Christian Perez
My name is Christian, and I just want to speak on how MVP has made an impact on my life. MVP has given me a group of people to call family again and give me the unconditional support I need to believe in myself. I truly believe that MVP found me during a time when I most needed it and I didn’t even know it. MVP is like no other VSO out there its uniqueness is the foundation that it builds on through comradery. Throughout my time with MVP, I have built strong interpersonal relationships with my peers and I can call on them anytime I need them, does not have to be at Liberty Performance gym or a Wednesday night.
I have been a part of MVP for over a year now and throughout our huddles I have gained a sense of comfort and belonging something that I have not felt since leaving the service. Every week I look forward to Wednesdays because I know that I can enter that room, and I am safe. I can talk about absolutely anything and I will not be judged instead I get a hand on my shoulder and a “I got your back”.

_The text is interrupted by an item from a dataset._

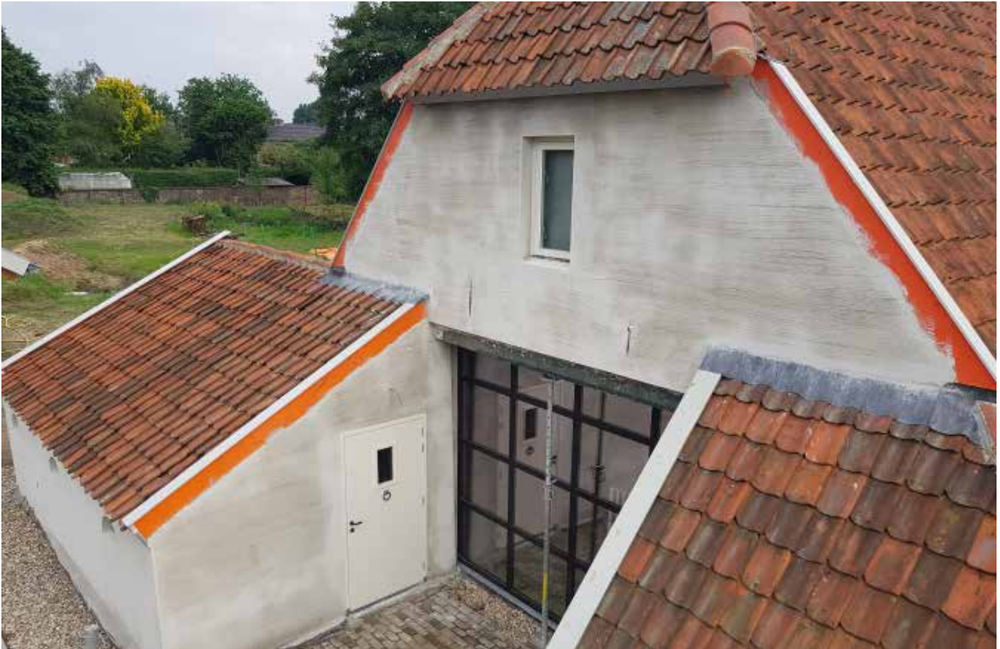
Op de plek van de oude staldeuren is een grote stalen pui geplaatst. Het wolfseind is op basis van bouwsporen in de kap en historische buurtfoto's aangebracht.

IJsselsteentjes zijn verwerkt in de wc-ruimte. Alle historische materialen en vondsten zijn zo mogelijk opnieuw gebruikt. Zoals eeuwen voor ons al is gedaan, ook bij de paarse boerderij zelf. Het pand uit circa 1800 is opgetrokken uit bouwmaterialen uit allerlei periodes, tot de vijftiende eeuw aan toe. Deze zijn waarschijnlijk van elders aangevoerd.

For so many years I struggled with depression and traumatic experiences in secrecy because I felt so alone and misunderstood. I would drown myself in the gym as this is the only thing I found that would help me manage the dark days. I have physical injuries that have become more and more apparent throughout the years, and I have felt limited and discouraged to what I can do in the gym. MVP was a gateway for me to find myself again not only through the physical fitness portion but to face the internal battles as well. I took it upon myself to utilize every resource I was provided with at MVP through my peers to get healthy both physically and mentally.
One of my biggest accomplishments in 2024 was finally hiking the Grand Canyon from rim-to-rim. With the support of my coaches from QRF and my MVP family I accomplished so much more than just conquering one of the greatest wonders on the world. I took off on a journey to turn my life around. I quit the job that was high paying but made me unhappy because it consumed me and did not give me a sense of purpose. I started working on my VA disability claims and I began to see a therapist. Hiking the Grand Canyon was not only about the physical challenge, but it was also about the mental growth that was occurring within me. The physical part was to prove to myself that regardless of the injuries my body has sustained, I could still do something so incredibly hard because I set my mind to do it. By the time I completed the Grand Canyon I felt like the symbol of resilience and strength. No matter how many times your mind tells you to stop and no more, you continue because you think about the people on the other side, and you just want to make them so proud. But if I’m being entirely honest, I didn’t have to prove anything to anybody other than myself… To others it may just seem like 26 miles of hiking across a canyon but to me every step was a step forward to a new way of living. 26 miles of dark moments, multiple suicide attempts, heartaches and failures all left behind me.
This year, 2025, I’m not limiting myself. I am already training to complete the 2025 Bataan Memorial Death March in New Mexico as an ambassador with the Wounded Warrior Project. I want to show people that regardless of what you’re struggling with both inside and out you can always come out on top and you never have to fight the fight alone.